2. Negative Sample Construction: Contrast Signals from Incorrect Reasoning

Treat incorrect trajectories (from current or other domains) as negative samples, pull positive samples closer and push negative samples away, providing clear optimization boundaries to help distinguish domain-specific errors from general reasoning flaws.

3. Intra-Domain Alignment: Consolidate the Representation Space

Encourage correct trajectories in the same domain to be close in the representation space, preventing knowledge fragmentation and enhancing domain identity recognition.

5

Section 05

Experimental Validation: Cross-Domain Performance Improvement and Outperforming Single-Domain Training

MCPO's performance in benchmark tests for mathematics, code, and logical reasoning:

  1. Cross-domain consistency improvement: Compared to GRPO, all domains show stable improvements without the 'robbing Peter to pay Paul' phenomenon;
  2. Outperforming single-domain training: Multi-domain joint training exceeds specialized single-domain training in some scenarios;
  3. Representation space visualization: Shows a 'harmonious but distinct' structure—domain knowledge is both differentiated and overlapping, verifying the effectiveness of the methodology.
6

Section 06

Technical Implementation and Open-Source Contribution

The MCPO code has been open-sourced (GitHub: https://github.com/Maricalce/MCPO), including the core training framework, multi-domain data preprocessing, contrastive loss calculation module, experimental scripts, etc.
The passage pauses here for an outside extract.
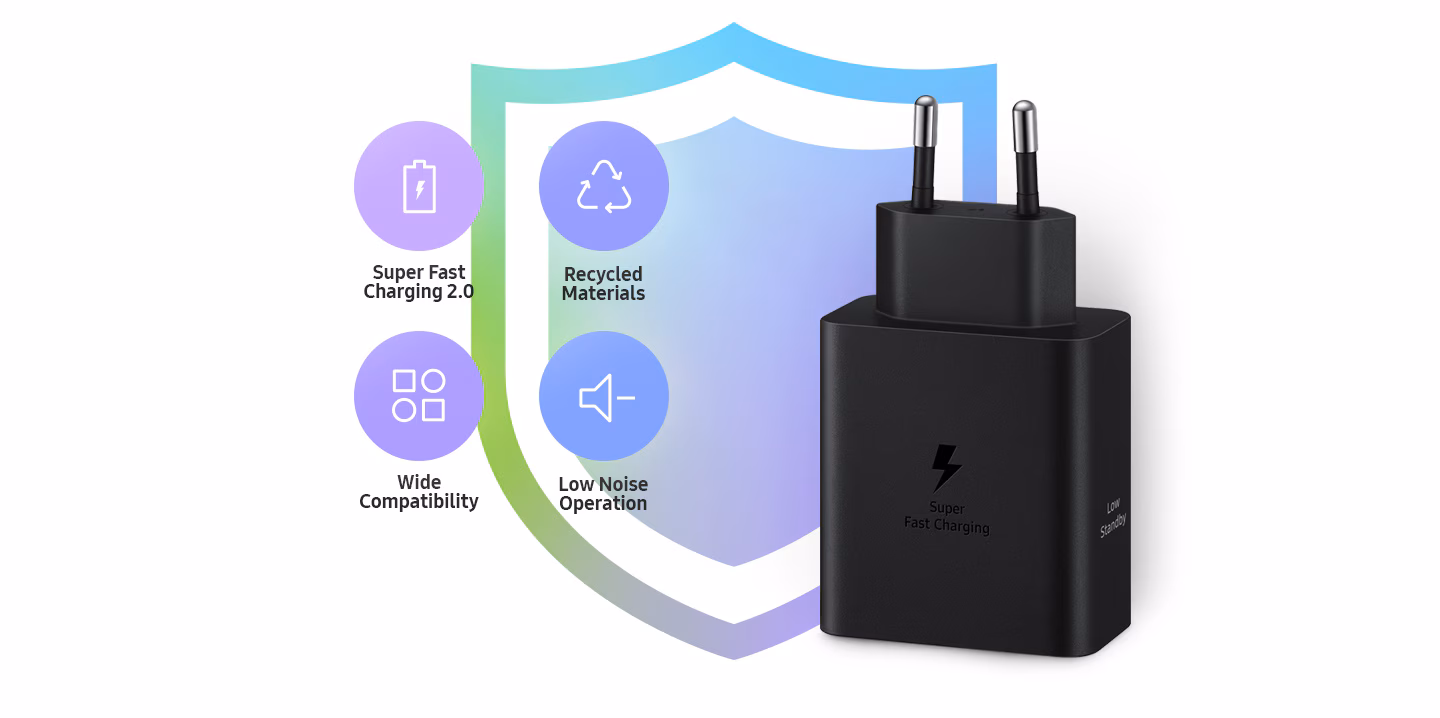With its low standby power, the 50W Power Adapter can save power without compromising performance. Empower your Galaxy devices with this adapter, ensuring they're ready for your next creative venture or business meeting.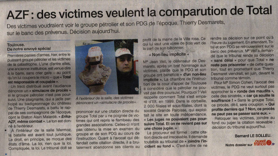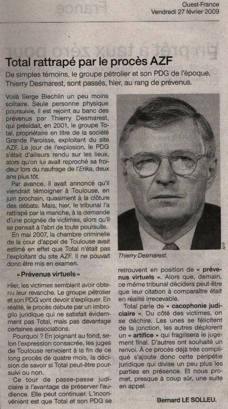 Permalink[Justice] Total rattrapé par le procès AZF- Ouest France du 27/02/09 / Bernard Le Solleu / Ouest-France (2009)

The open-source code provides a foundation for future research, and can be extended to more domains (scientific/common sense reasoning), combined with other reinforcement learning techniques (PPO/DPO), and applied to larger model architectures.

7

Section 07

Profound Implications for AI Research

  1. Paradigm shift: From 'eliminating interference' to 'promoting sharing', transforming negative interactions into positive collaboration, applicable to multimodal, transfer, and continuous learning;
  2. Value of contrastive learning: Well-designed positive and negative samples enable learning more robust and transferable representations, extendable to cognitive tasks such as planning and decision-making;
  3. Direction of large model training: Multi-domain capability is a key requirement, and MCPO provides a technical path for building general AI assistants.